ED : Finalement qu’est-ce que cet article a changé dans la prise en charge de ces patientes, que ce soit dans l’information que vous leur donnez, ou sur la décision que vous prenez pour leur deuxième accouchement ?
VD : Alors, concernant notre prise en charge obstétricale de ces patientes, il n’y a pas eu de modification particulière. Depuis 6 mois ou un an, nous avons mis en place un parcours de soins composé d’une visite postnatale par un obstétricien, d’une visite par un chirurgien digestif proctologue, plus une échographie du sphincter anal. Cela nous semble constituer un parcours de choix. Le but étant de proposer à la patiente la meilleure prise en charge pour ses symptômes actuels et, également, en vue d’envisager une future grossesse. Donc pour ces patientes cette prise en charge nous semblait devoir être automatique. Si elles sont asymptomatiques, on leur propose alors les deux solutions, dont la césarienne itérative, mais avec des risques de morbi-mortalité qui les font plutôt choisir la tentative de voie basse. Par contre chez les patientes symptomatiques une césarienne est le plus souvent proposée.
Aujourd’hui, à la vue des résultats d’EPIC, nous avons ressenti la nécessité d’une consultation vraiment spécialisée avec un gynéco-obstétricien et un proctologue pour bien évaluer sur les symptômes digestifs. Auparavant, on considérait la rééducation du périnée, plus pour la symptomatologie urinaire, et finalement assez peu pour l’incontinence aux gaz et aux selles. Je pense que l’utilisation des scores cliniques (score de Vaizey ou score de Wexner) est intéressante et mérite effectivement d’être un petit peu plus utilisée même si la simple question d’une incontinence aux gaz est déjà très pertinente.

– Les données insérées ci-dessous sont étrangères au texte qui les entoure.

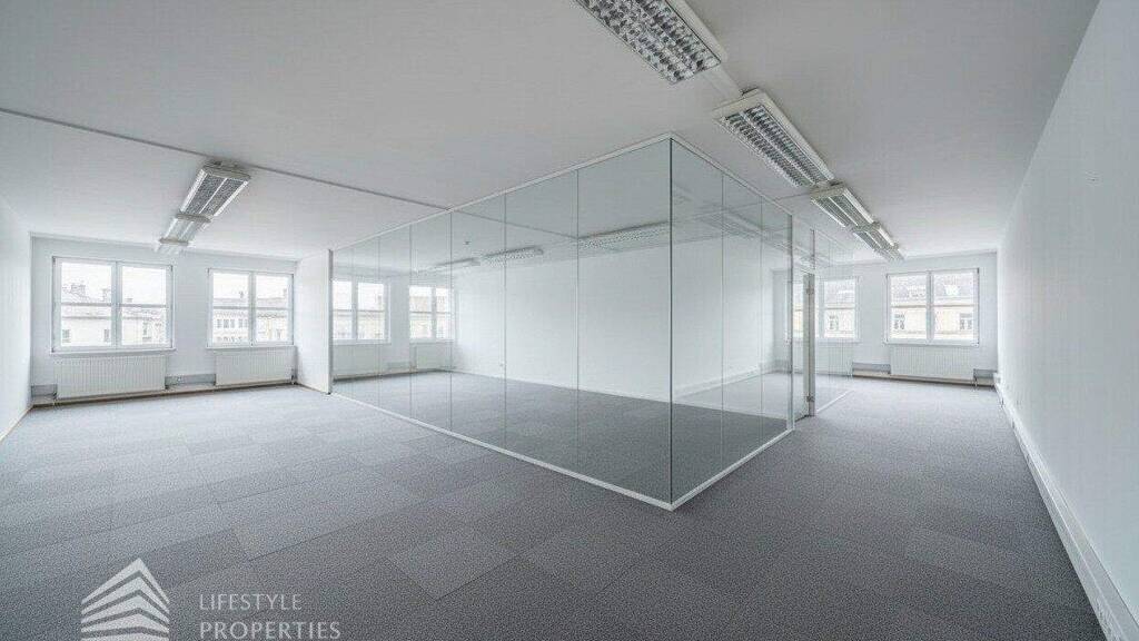 Das Büro verfügt über eine Nutzfläche von ca. 186 m² und befindet sich im 5. OG eines im Jahre 1897 erbauten Altbauhauses, welches sich in einem sanierten Zustand befindet. Beim Betreten des Büros steht man direkt im ca. 25 m² großen Vorraum, dieser mit dem angrenzenden Büro geteilt ist. Beim Eingang befindet sich der ca. 28 m² große Empfang. Durch einen ca. 13 m² langen Gang gelangt man zu den einzelnen Büroräumen. Auf der rechten Seite des Ganges befindet sich ein Sozialraum mit einer Teeküche, die Toiletten für die Damen und Herren. Durch einen weiteren Vorraum erreicht man den Serverraum und das Besprechungszimmer. Die Fläche des Heizraumes wird auf vier Einheiten aufgeteilt. Sollten für die Büroräume Glaswände benötigt werden, erhöht sich der m² Preis der Nettomiete um 2,50.- Euro. Die gesamten Räume sind klimatisiert. Bei der Raumaufteilung kann der Mieter noch seine Wünsche äußern. Die Infrastruktur dieser Immobilie ist hervorragend. In nur wenigen Gehminuten kommen Sie zum Stadtzentrum. Mit den öffentlichen Verkehrsmitteln erreichen sie die Büroeinheiten mit der U-Bahn Linie 1 und 4, Station Schwedenplatz. In unmittelbarer Nähe finden Sie Einkaufsmöglichkeiten sowie Gastronomiebetriebe.

Par ailleurs, c’est le premier essai randomisé qui apporte énormément de poids pour les praticiens qui étaient sceptiques sur les résultats des études de cohorte antérieures.
ED : Quel est donc ton petit mot de conclusion au sujet de cette étude ?
VD : Cet article nous incite, et nous conforte, dans la nécessité d’une collaboration étroite entre l’échographie d’un côté, le colo proctologue et l’obstétricien de l’autre, notamment en vue d’une future grossesse pour la meilleure prise en charge de ces patientes. Et de décider soit d’une césarienne itérative soit d’une tentative d’accouchement voie basse, tout en pouvant délivrer les meilleures informations à la patiente.
ED : Merci beaucoup Vincent, et bonne fin de journée à toi.
VD : Merci Emilie, et à très bientôt.